Софье их сомнения были понятны, но лучшего места, когда требовалось ей уединение, она себе и представить не могла.
Она вошла в только что затопленную ею баньку и склонилась над вмазанным в печь котлом. И тут у нее за спиной кто-то рванул входную дверь, да так энергично, что вылетел небрежно накинутый Софьей крюк. Она вздрогнула, уронила на печь деревянный кружок, прикрывавший котел.
- Пьяный! - вскрикнула Софья, ни к кому не обращаясь. Ничего страшнее в эту секунду ей и в голову не пришло.
- Хотелось бы! Да ведь не до хорошего,- насмешливо откликнулся юношеский голос.
На следующий выкрик Софьи:
- Что вам надо?
- Незнакомец в телогрейке ответил уклончиво:
- Это уж по ситуации.
- Ну тогда скажите, кто вы.
- А так разве не видно?
- Я гадать не умею, извините...
- О чем гадать? Кому кого надо бояться?
- Я вас не боюсь.
- А зря.

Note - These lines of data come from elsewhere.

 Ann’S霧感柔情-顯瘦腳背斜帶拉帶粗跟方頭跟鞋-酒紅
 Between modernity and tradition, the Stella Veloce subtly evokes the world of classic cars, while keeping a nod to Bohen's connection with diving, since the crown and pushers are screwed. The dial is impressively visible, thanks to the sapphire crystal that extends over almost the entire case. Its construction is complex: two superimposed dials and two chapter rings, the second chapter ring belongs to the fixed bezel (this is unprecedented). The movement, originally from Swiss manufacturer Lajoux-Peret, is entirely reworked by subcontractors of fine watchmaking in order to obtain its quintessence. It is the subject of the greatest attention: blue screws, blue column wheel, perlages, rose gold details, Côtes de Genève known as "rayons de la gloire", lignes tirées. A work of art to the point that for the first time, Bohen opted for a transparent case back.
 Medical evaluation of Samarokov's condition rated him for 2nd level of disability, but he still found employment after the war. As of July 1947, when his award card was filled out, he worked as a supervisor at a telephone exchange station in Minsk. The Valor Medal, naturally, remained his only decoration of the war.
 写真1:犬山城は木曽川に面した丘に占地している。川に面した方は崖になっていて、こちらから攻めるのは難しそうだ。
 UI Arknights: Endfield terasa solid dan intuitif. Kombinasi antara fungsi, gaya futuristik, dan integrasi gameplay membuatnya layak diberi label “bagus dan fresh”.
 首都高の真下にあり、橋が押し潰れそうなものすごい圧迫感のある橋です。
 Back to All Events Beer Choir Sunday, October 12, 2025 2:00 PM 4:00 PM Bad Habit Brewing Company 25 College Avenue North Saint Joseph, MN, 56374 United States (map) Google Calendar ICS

Я из тюрьмы сбежал.
- Убили кого-нибудь? Или...
- Как я понимаю, «или» для вас менее приемлемо... Нет, и не «или», и не убивал. Да я до вас пальцем не дотронусь! Вы учительница?
Софья обиделась:
- Нет.
Он понял, что вопрос для нее, мягко говоря, нелестный. Наконец он вытянул из нее, что она художница.
- А мы так и будем здесь стоять? Баня вот-вот выстудится. Ей-богу, меня, наверное, даже на баньку не хватит... Падаю я от усталости.
Было полутемно, горела стеариновая свеча на окне, печь изредка освещала предбанник мгновенным грязно-розовым светом. Софья усадила своего изнемогшего гостя на лавку и пошла подбавить в парилку пару. Она пустила пар и уселась, почти теряя сознание, среди шаек и березовых веников.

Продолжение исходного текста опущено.